The contract terms provided that these policies could not be
assigned, nor could the beneficiary be changed without a written
endorsement on the policies. No such assignment or change of
beneficiary was endorsed on these policies, and consequently the
power to assign the policies or change the beneficiary remained in
the decedent at the time of his death.
(c) Obviously, there was no practical opportunity for the
decedent to assign the policies or change the beneficiary between
the time he boarded the plane and the time he died. That time was
too short, and his wife had the policies in her possession at home.

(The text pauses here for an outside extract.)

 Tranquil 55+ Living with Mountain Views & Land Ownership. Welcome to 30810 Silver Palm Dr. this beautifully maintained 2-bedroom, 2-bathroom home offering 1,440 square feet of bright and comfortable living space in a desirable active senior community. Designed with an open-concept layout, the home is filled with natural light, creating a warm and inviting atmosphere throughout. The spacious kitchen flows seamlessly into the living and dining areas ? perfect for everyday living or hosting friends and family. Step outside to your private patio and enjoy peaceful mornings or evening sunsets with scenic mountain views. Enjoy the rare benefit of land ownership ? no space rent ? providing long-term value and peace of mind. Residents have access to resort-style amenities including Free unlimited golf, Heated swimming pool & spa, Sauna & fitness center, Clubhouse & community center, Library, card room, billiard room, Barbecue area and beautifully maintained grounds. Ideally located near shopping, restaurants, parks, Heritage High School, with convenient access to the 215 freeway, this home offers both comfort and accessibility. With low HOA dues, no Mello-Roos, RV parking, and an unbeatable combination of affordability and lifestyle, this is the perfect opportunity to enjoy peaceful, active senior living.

These circumstances disabled him for the moment from exercising
those "incidents of ownership" over the policies, which were
undoubtedly his. Death intervened before this temporary
disability
Page 380 U. S. 684
was removed. But the same could be said about a man owning an
ordinary life insurance policy who boarded the plane at the same
time, or for, that matter, about any man's exercise of ownership
over his property while aboard an airplane in the three hours
before a fatal crash. It would stretch the imagination to think
that Congress intended to measure estate tax liability by an
individual's fluctuating, day-by-day, hour-by-hour capacity to
dispose of property which he owns. We hold that estate tax
liability for policies "with respect to which the decedent
possessed at his death any of the incidents of ownership" depends
on a general, legal power to exercise ownership, without regard to
the owner's ability to exercise it at a particular moment. Nothing
we have said is to be taken as meaning that a policyholder is
without power to divest himself of all incidents of ownership over
his insurance policies by a proper gift or assignment, so as to bar
its inclusion in his gross estate under § 2042(2). What we do hold
is that no such transfer was made of the policies here involved.

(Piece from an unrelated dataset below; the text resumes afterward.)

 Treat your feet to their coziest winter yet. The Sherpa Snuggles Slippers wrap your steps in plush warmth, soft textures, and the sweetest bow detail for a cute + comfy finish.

The judgment of the Court of Appeals is reversed, and the judgment
of the Tax Court is affirmed.
It is so ordered.
MR. JUSTICE DOUGLAS dissents.
[
Footnote 1]
"§ 2042. Proceeds of life insurance."
"The value of the gross estate shall include the value of all
property --"
"(1) Receivable by the executor."
"To the extent of the amount receivable by the executor as
insurance under policies on the life of the decedent."

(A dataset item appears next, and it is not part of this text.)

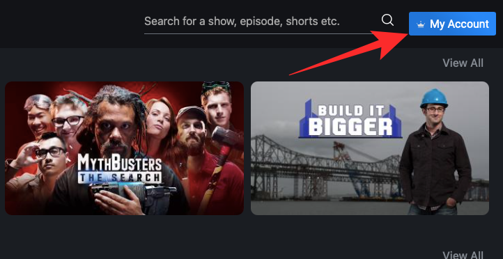 If you wish to access your Discovery Plus account details, click on the ‘My Account’ option at the top right.

"(2) Receivable by other beneficiaries."
"To the extent of the amount receivable by all other
beneficiaries as insurance under policies on the life of the
decedent with respect to which the decedent possessed at his death
any of the incidents of ownership, exercisable either alone or in
conjunction with any other person. . . ."
[
Footnote 2]
Section 302(g) of the Revenue Act of 1924, which was applicable
in
Ackerman, provided that the estate should include all
proceeds receivable by other beneficiaries "under policies taken
out by the decedent upon his own life." 43 Stat. 253, 304-305.
[
Footnote 3]
26 CFR § 20.2042-1(a)(1).
See also Treas.Reg. 105 (1939
Code), § 81.25; Treas.Reg. 80 (1934 ed.), Art. 25; Treas.Reg. 70
(1926 ed. and 1929 ed.), Art. 25; Treas.Reg. 68 (1924 ed.), Art.
25; Treas.Reg. 63 (1922 ed.), Art. 27; and Treas.Reg. 37 (1921
ed.), Art. 32.
[
Footnote 4]
Section 2042 was first enacted as § 402(f) of the Revenue Act of
1918, c. 18, 40 Stat. 1057, 1097-1098. This section was reenacted
in § 402(f) of the Revenue Act of 1921, c. 136, 42 Stat. 227,
278-279; in § 302(g) of the Revenue Act of 1924, c. 234, 43 Stat.
253, 304-305, and the Revenue Act of 1926, c. 27, 44 Stat. 9,
70-71; and in § 811(g) of the Internal Revenue Code of 1939.